100000... is the set {1},
101000... is the set {1,3},
111111... is the set of all integers, and
010101... is the set of even numbers.

EDIT:

You produced a particular correlation between subsets and <0,1> form.

The <0,1> is general exactly because it is not based on any particular correlation between <0,1> form and the internal structure of some subset, because subsets are not considered at all, and all we care is the size of the considered collections.

Since subsets are not considered at all, the members of some S set are actually a partial case of the members of P(S), for example:

The members of P(S) are:
{
00,
01,
10,
11
}
and the members of S are partial collections of any possible 2 distinct members that have a common <0,1> form with P(S) distinct members, for example:

S =
{
10,
11
}
or
{
00,
10
}


etc ... , where given any S version of 2 members , there is a diagonal object that is based on <0,1> form ( which is common for both S an P(S) ) that is not in the range of S, but it is in the range of P(S).

But also P(S) is a set that has a common <0,1> form with P(P(S)), for example:

0 1 0 1
0 0 1 1
-------
0 0 0 0
1 0 0 0
0 1 0 0
1 1 0 0
0 0 1 0
1 0 1 0
0 1 1 0
1 1 1 0
0 0 0 1
1 0 0 1
0 1 0 1
1 1 0 1
0 0 1 1
1 0 1 1
0 1 1 1
1 1 1 1

and in this case some 4 P(S) objects ( which are partial case of P(P(S)) ) are:

P(S)=
{
0 1 1 0,
1 1 1 0,
0 0 0 1,
1 0 0 1
}
or
{
0 1 0 0,
0 0 1 1,
1 1 1 1,
0 0 1 0
}

etc ... , where given any P(S) version of 4 members , there is a diagonal object that is based on <0,1> form ( which is common for both P(S) and P(P(S)) ) that is not in the range of P(S), but it is in the range of P(P(S)).

jsfisher said:
Really? Please demonstrate how your 0/1 string notation would represent, oh, how about the power set of the set of integers? Or maybe the set of reals along the interval, [0,1]?

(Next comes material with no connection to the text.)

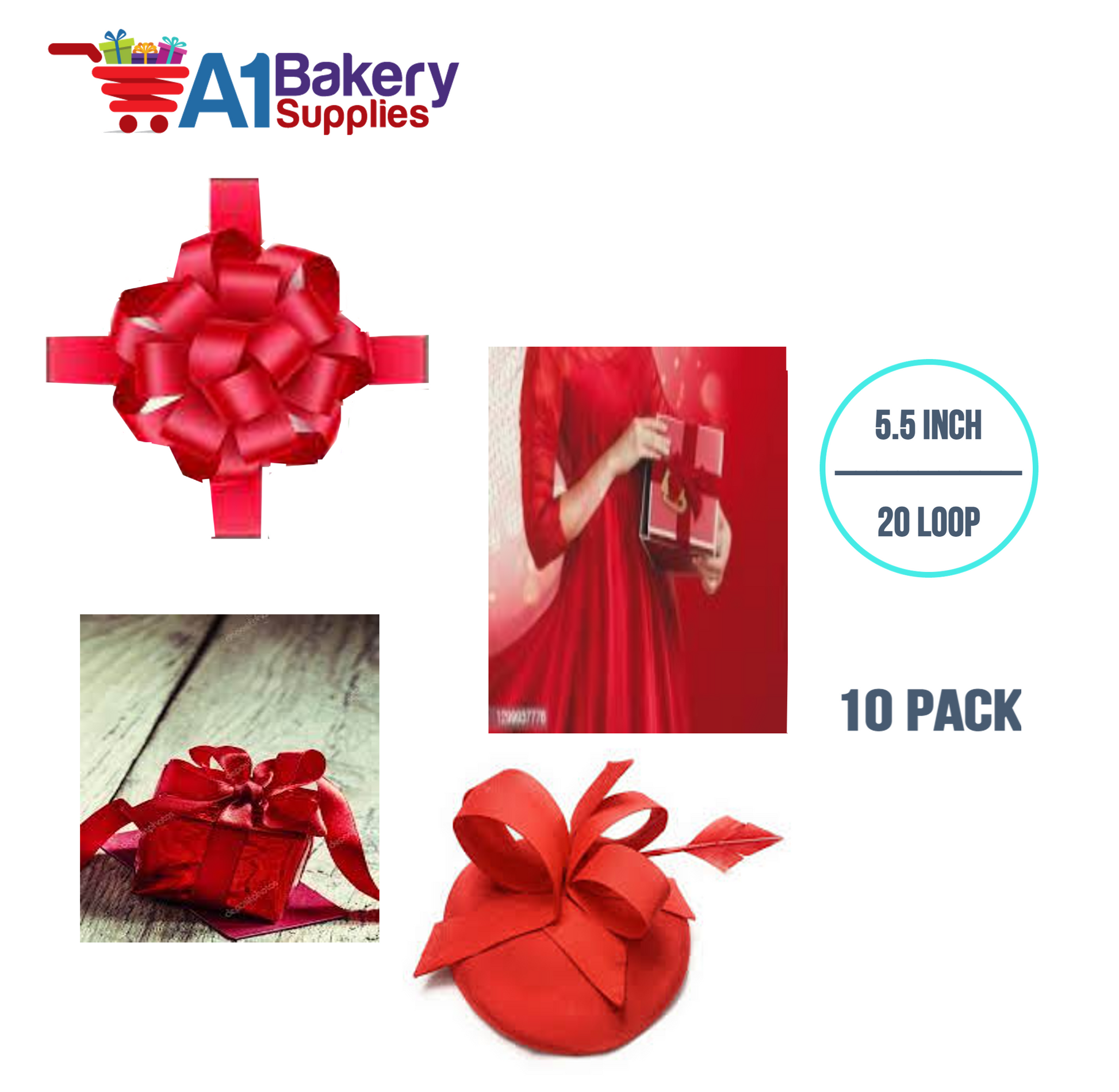 A1BakerySupplies 10 Pieces Pull Bow for Gift Wrapping Gift Bows Pull Bow With Ribbon for Wedding Gift Baskets, 5.5 Inch 20 Loop in Scarlet Red Color

The same reasoning works also if S has an infinite size, as follows:

S=
{
.0 1 1 0 ...,
.1 1 1 0 ...,
.0 0 0 1 ...,
.1 0 0 1 ...,
...
}
or
{
.0 1 0 0 ...,
.0 0 1 1 ...,
.1 1 1 1 ...,
.0 0 1 0 ...,
...
}

etc ... are partial cases of P(S) where the diagonal member is not in the range of any S version ( although both S and P(S) have a common <0,1> form ).

By using <0,1> as a common form for both sets and powersets (finite or not), we discover that the ZFC axiom of powerset is actually a "Trojan horse" , which defines some object of ZFC that have the properties of a given set (it obeys the construction rules of the given framework) but it is not in the range of the given set (but can't be proved within this framework), exactly as Godel's first incompleteness theorem demonstrates.